§ **WORKING DATA**:
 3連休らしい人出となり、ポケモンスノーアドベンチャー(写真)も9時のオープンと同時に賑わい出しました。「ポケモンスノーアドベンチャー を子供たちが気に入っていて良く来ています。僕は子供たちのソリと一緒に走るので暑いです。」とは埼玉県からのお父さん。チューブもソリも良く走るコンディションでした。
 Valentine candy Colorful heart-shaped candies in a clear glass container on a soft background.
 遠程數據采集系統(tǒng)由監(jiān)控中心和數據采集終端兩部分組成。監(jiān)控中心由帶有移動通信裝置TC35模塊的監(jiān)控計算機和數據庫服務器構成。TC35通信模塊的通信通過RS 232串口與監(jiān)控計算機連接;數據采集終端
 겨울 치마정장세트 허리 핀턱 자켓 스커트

--

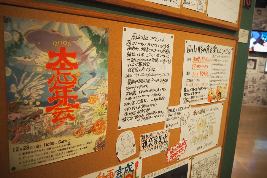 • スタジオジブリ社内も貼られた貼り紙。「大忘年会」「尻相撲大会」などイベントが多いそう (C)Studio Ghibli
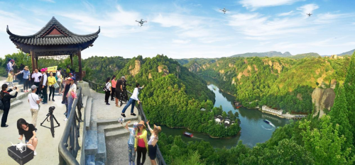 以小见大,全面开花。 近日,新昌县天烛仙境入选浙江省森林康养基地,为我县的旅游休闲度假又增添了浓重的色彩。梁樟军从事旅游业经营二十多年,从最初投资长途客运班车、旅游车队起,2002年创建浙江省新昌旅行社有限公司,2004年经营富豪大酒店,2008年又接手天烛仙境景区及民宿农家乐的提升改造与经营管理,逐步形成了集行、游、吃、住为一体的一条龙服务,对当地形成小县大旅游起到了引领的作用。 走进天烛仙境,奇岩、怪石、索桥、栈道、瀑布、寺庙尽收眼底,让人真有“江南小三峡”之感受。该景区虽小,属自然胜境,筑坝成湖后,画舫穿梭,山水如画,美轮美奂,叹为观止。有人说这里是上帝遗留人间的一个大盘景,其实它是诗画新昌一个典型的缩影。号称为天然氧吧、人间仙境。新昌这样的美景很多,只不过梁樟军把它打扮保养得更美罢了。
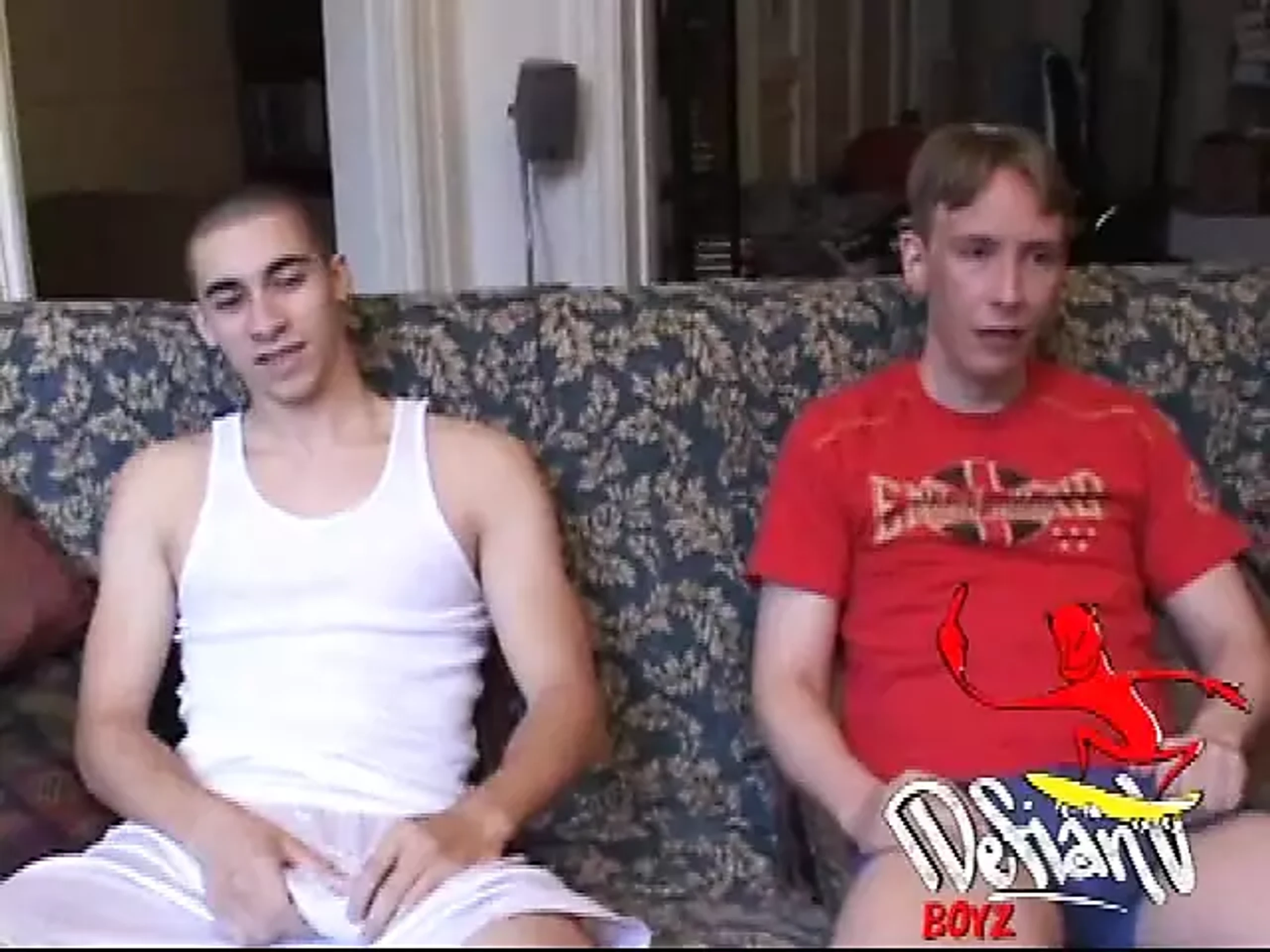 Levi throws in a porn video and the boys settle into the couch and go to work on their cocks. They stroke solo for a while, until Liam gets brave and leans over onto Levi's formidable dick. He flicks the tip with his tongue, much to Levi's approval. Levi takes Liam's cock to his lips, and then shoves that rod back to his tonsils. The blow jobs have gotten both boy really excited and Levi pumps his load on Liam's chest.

§ **TASK GOAL**: In the listing above, find the line containing "3連休らしい人出となり、ポケ" and the line containing "Valentine candy Colorful", then retype both and every line between them exactly, with nothing else.

§ **EXERCISE OUTPUT**:
 3連休らしい人出となり、ポケモンスノーアドベンチャー(写真)も9時のオープンと同時に賑わい出しました。「ポケモンスノーアドベンチャー を子供たちが気に入っていて良く来ています。僕は子供たちのソリと一緒に走るので暑いです。」とは埼玉県からのお父さん。チューブもソリも良く走るコンディションでした。
 Valentine candy Colorful heart-shaped candies in a clear glass container on a soft background.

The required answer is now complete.